SmolAgents integrates these elements seamlessly, saving developers from the complexity of building such systems from scratch.

It is a powerful tool for developers looking to harness the potential of agentic AI while maintaining simplicity and scalability. Whether for creating autonomous code executors or dynamic multi-step agents, SmolAgents offers the foundation for building cutting-edge applications.

Understanding Agentic RAG

Agentic RAG combines traditional Retrieval-Augmented Generation with agentic capabilities, allowing AI systems to not only retrieve and generate information but also to reason, plan, and interact with external tools dynamically. This integration enhances the system’s ability to handle complex tasks by decomposing queries, retrieving relevant information, and iteratively refining responses.

Also read: 7 Agentic RAG System Architectures to Build AI Agents

Key Benefits of Combining SmolAgents and Agentic RAG:

  1. Intelligence: SmolAgents adds reasoning, planning, and tool-calling capabilities to the RAG pipeline.
  2. Adaptability: The agent can dynamically adjust its actions based on the retrieved data.
  3. Efficiency: Reduces manual intervention by automating iterative processes.
  4. Security: Ensures safe execution of external code and queries.
  5. Scalability: Enables complex workflows that can be easily scaled or modified for different domains.

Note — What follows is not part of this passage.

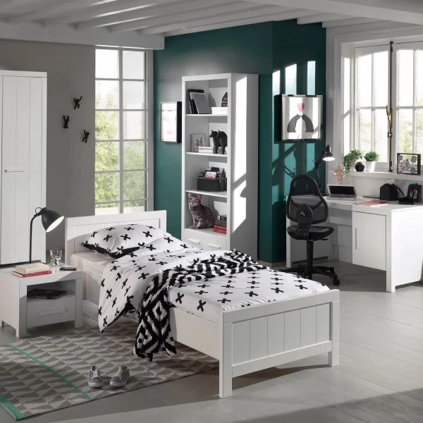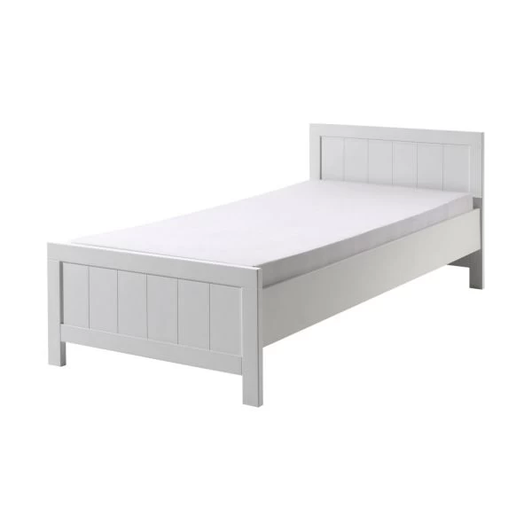 Het Vipack Erik Bed Wit 90 x 200 cm kenmerkt zich aan het verticale reliëfstructuur op de fronten met daaromheen een omlijsting. Het hoofdbord is hoger dan het voetenbord. Het bed heeft een eenvoudig design en kan met verschillende stijlen gecombineerd worden. De lattenbodem wordt niet bij dit bed meegeleverd.

SmolAgents and Agentic RAG complement each other by bringing together robust retrieval-augmented generation with dynamic, agentic reasoning and interaction capabilities. This synergy empowers developers to create intelligent, autonomous systems capable of handling sophisticated tasks across various domains.

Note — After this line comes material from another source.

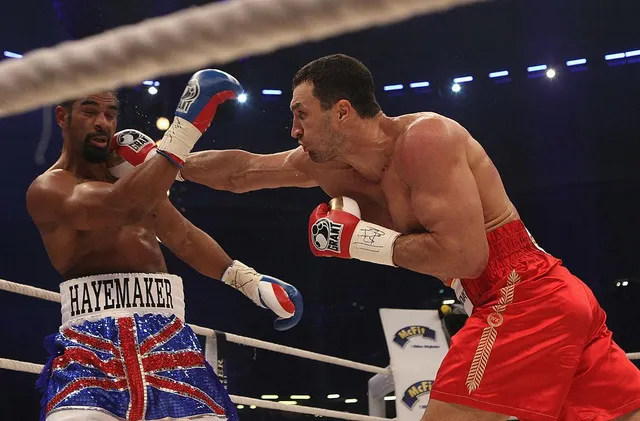 Тоді Володимир вийшов на ринг проти Девіда Хея з трьома чемпіонськими поясами. Бій з британцем тривав усі 12 раундів. У рингу українець викинув всього 509 ударів, з яких 134 влучили у ціль.

Also read: RAG vs Agentic RAG: A Comprehensive Guide

Agentic RAG Hands-on with SmolAgents

Agentic RAG with SmolAgents
Source: Author

Here’s the process of building the Agentic RAG with SmolAgents: First, we load and process data from a PDF document, splitting it into manageable chunks and generating embeddings to enable semantic search. These embeddings are stored in a vector database, allowing the system to retrieve the most relevant information in response to user queries. For external queries or additional context, a search agent is employed to fetch and integrate data from external sources. This combination of document retrieval and external search capabilities ensures that the system can provide comprehensive and accurate answers to a wide range of questions.

Required Python Packages

%pip install pypdf -q
%pip install faiss-cpu -q
!pip install -U langchain-community

Explanation:

  • pypdf: A library for working with PDF files.
  • faiss-cpu: A library for efficient similarity search and clustering of dense vectors.
  • langchain-community: A library for building applications with language models.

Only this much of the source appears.